- **Exercise prompt**:
Taking the data below, please print only the lines from the line holding "子どもたちは班で相談して決め" to the line holding "उक्त के अनुपालन", inclusive, with pictures omitted.

- **Information provided**:
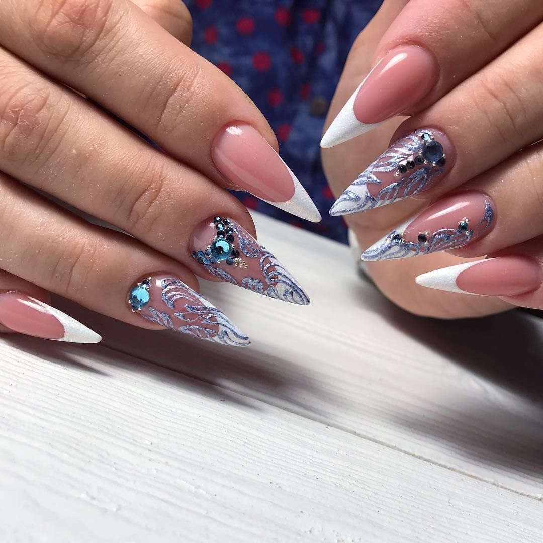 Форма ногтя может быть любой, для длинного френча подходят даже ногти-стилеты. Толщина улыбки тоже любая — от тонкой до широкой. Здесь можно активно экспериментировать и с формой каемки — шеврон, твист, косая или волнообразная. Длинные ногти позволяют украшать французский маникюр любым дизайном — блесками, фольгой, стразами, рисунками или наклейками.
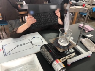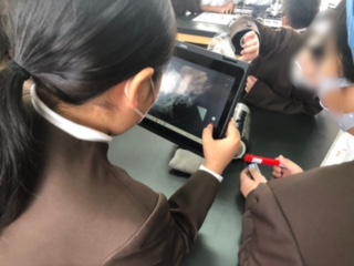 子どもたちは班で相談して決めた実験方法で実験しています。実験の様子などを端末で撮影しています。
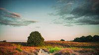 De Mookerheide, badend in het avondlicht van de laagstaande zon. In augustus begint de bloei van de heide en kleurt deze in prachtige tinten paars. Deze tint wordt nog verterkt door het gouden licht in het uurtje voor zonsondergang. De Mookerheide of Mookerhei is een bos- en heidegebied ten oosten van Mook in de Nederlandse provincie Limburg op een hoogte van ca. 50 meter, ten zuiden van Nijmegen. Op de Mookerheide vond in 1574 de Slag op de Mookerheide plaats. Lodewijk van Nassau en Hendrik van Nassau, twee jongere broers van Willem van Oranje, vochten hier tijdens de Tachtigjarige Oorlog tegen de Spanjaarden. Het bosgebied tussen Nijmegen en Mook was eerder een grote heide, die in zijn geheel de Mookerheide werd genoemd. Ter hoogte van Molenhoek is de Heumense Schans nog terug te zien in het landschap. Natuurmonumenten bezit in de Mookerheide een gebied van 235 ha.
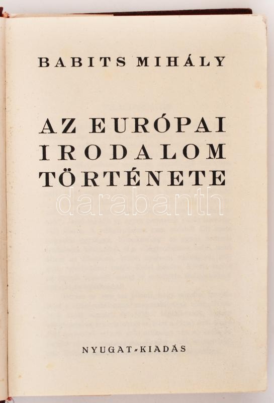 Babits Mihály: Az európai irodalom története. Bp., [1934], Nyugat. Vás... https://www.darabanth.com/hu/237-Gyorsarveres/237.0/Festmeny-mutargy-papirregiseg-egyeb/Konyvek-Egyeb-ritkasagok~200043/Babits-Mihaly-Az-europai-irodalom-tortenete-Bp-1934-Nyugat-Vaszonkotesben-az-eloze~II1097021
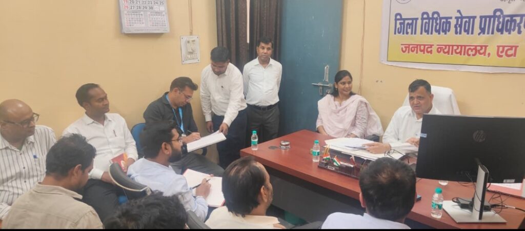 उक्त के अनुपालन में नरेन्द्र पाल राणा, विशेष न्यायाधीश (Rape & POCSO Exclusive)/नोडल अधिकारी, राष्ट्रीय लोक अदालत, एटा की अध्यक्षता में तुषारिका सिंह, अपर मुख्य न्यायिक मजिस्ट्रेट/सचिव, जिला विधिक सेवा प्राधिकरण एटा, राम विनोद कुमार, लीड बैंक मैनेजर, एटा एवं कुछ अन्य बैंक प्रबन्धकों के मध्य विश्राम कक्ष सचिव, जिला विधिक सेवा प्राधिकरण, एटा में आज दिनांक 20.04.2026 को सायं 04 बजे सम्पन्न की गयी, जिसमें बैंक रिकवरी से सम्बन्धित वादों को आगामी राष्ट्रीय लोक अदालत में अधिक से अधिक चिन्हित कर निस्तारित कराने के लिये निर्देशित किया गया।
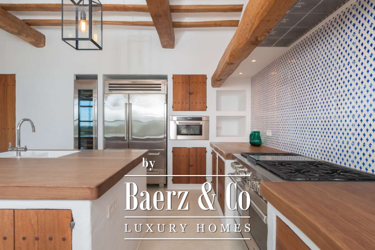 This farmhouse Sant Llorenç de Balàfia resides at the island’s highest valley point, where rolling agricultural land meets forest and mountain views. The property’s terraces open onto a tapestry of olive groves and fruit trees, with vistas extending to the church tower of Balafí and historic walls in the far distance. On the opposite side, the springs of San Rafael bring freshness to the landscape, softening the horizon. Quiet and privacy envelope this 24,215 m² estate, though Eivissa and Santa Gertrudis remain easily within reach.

- **Response area**:
 子どもたちは班で相談して決めた実験方法で実験しています。実験の様子などを端末で撮影しています。
 De Mookerheide, badend in het avondlicht van de laagstaande zon. In augustus begint de bloei van de heide en kleurt deze in prachtige tinten paars. Deze tint wordt nog verterkt door het gouden licht in het uurtje voor zonsondergang. De Mookerheide of Mookerhei is een bos- en heidegebied ten oosten van Mook in de Nederlandse provincie Limburg op een hoogte van ca. 50 meter, ten zuiden van Nijmegen. Op de Mookerheide vond in 1574 de Slag op de Mookerheide plaats. Lodewijk van Nassau en Hendrik van Nassau, twee jongere broers van Willem van Oranje, vochten hier tijdens de Tachtigjarige Oorlog tegen de Spanjaarden. Het bosgebied tussen Nijmegen en Mook was eerder een grote heide, die in zijn geheel de Mookerheide werd genoemd. Ter hoogte van Molenhoek is de Heumense Schans nog terug te zien in het landschap. Natuurmonumenten bezit in de Mookerheide een gebied van 235 ha.
 Babits Mihály: Az európai irodalom története. Bp., [1934], Nyugat. Vás... https://www.darabanth.com/hu/237-Gyorsarveres/237.0/Festmeny-mutargy-papirregiseg-egyeb/Konyvek-Egyeb-ritkasagok~200043/Babits-Mihaly-Az-europai-irodalom-tortenete-Bp-1934-Nyugat-Vaszonkotesben-az-eloze~II1097021
 उक्त के अनुपालन में नरेन्द्र पाल राणा, विशेष न्यायाधीश (Rape & POCSO Exclusive)/नोडल अधिकारी, राष्ट्रीय लोक अदालत, एटा की अध्यक्षता में तुषारिका सिंह, अपर मुख्य न्यायिक मजिस्ट्रेट/सचिव, जिला विधिक सेवा प्राधिकरण एटा, राम विनोद कुमार, लीड बैंक मैनेजर, एटा एवं कुछ अन्य बैंक प्रबन्धकों के मध्य विश्राम कक्ष सचिव, जिला विधिक सेवा प्राधिकरण, एटा में आज दिनांक 20.04.2026 को सायं 04 बजे सम्पन्न की गयी, जिसमें बैंक रिकवरी से सम्बन्धित वादों को आगामी राष्ट्रीय लोक अदालत में अधिक से अधिक चिन्हित कर निस्तारित कराने के लिये निर्देशित किया गया।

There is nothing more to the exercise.